3. Otoksisitas dan nefrotoksisitas lebih sering terjadi pada penggunaan streptomisin
dibandingkan dengan aminoglikosida lainnya.
4. Kemerahan pada kulit, dermatitis eksfoliatif, syok anafilaktik, neutropenia,
agranulositosis, anemia aplastik, dan trombositopenia.
5. Gangguan saraf, Sakit kepala, Hipotensi, Mengantuk, Ruam, Mual dan muntah,
Anemia, Badan terasa lemas
N. Perhatian khusus
1. Ototoxicity dan nephrotoxicity yang kemungkinan besar terdapat pada pasien
geriatrik dan pasien yang mengalami dehidrasi, pada pasien yang menerima dosis
tinggi atau yang melakukan pengobatan dalam jangka waktu panjang, mereka yang
juga menerima atau yang telah menerima obat ototoxic atau nephrotoxic lainnya.

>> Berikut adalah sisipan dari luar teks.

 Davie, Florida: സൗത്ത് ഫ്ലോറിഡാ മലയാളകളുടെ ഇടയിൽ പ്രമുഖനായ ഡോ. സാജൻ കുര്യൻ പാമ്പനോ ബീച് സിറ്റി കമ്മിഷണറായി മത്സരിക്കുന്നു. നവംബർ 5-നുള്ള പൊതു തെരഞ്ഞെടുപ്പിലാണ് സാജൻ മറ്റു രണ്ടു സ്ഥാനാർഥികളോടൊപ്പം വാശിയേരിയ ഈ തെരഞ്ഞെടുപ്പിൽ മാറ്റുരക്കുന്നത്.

(Perhatikan pengawasan konsentrasi serum dan atau puncak konsentrasi serum/rasio
MIC pada pasien ini)
2. Gunakan dengan hati-hati pada pasien dengan kondisi yang berhubungan dengan
kelemahan otot (misalnya myasthenia gravis, penyakit Parkinson), pasien yang telah
memiliki disfungsi ginjal, kerusakan vestibular atau cochlear.

O. Peringatan
1. Hindari penggunaan streptomycin jika tengah menerima vaksin atau memiliki
riwayat alergi obat terhadap obat aminoglikosida lain.

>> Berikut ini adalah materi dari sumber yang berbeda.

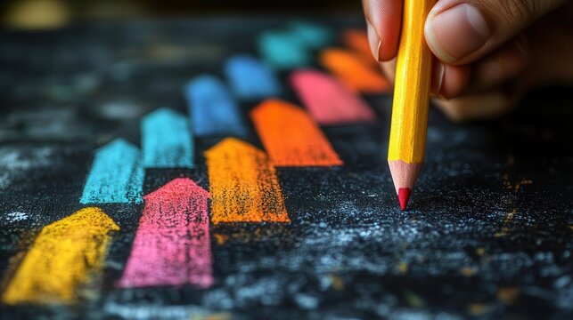 hand sketching vibrant multicolored arrows on a weathered chalkboard symbolizing growth direction and creative planning

2. Hindari menggunakan streptomycin setelah diberikan obat bius atau obat pelemas
otot (misalnya baclofen), karena dapat meningkatkan risiko gangguan saraf, otot, dan
sistem pernapasan.
3. Penggunaan streptomycin dapat menimbulkan efek nefrotoksik dan neurotoksik.

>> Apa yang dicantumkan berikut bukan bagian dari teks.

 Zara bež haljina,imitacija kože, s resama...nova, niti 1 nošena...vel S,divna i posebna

Efek neurotoksik dan nefrotoksik adalah efek yang dapat menyebabkan gangguan
pada ginjal dan sistem saraf.
4. Hati-hati jika Anda menderita atau memiliki riwayat vertigo, myasthenia gravis, dan
gangguan ginjal.
5. Beri tahu dokter jika tengah menerima obat-obatan lain, termasuk suplemen dan
produk herba.
6. Segera temui dokter apabila terjadi reaksi alergi atau overdosis.
P. Interaksi Obat

Beberapa interaksi yang dapat terjadi jika menggunakan streptomycin bersama dengan obat
lain adalah:
1. Risiko munculnya efek nefrotoksik dan neurotoksik meningkat, jika digunakan
dengan neomycin, kanamycin, gentamicin, paromomycin, polymyxin B, colistin,
tobramycin, atau ciclosporin.
2. Risiko efek ototoksik (gangguan pendengaran) dan nefrotoksik meningkat, jika
digunakan dengan manitol atau furosemide.
3. Meningkatkan efek samping obat pelemas otot.
4. Meningkatkan risiko gangguan fungsi ginjal, jika digunakan dengan sefalosporin.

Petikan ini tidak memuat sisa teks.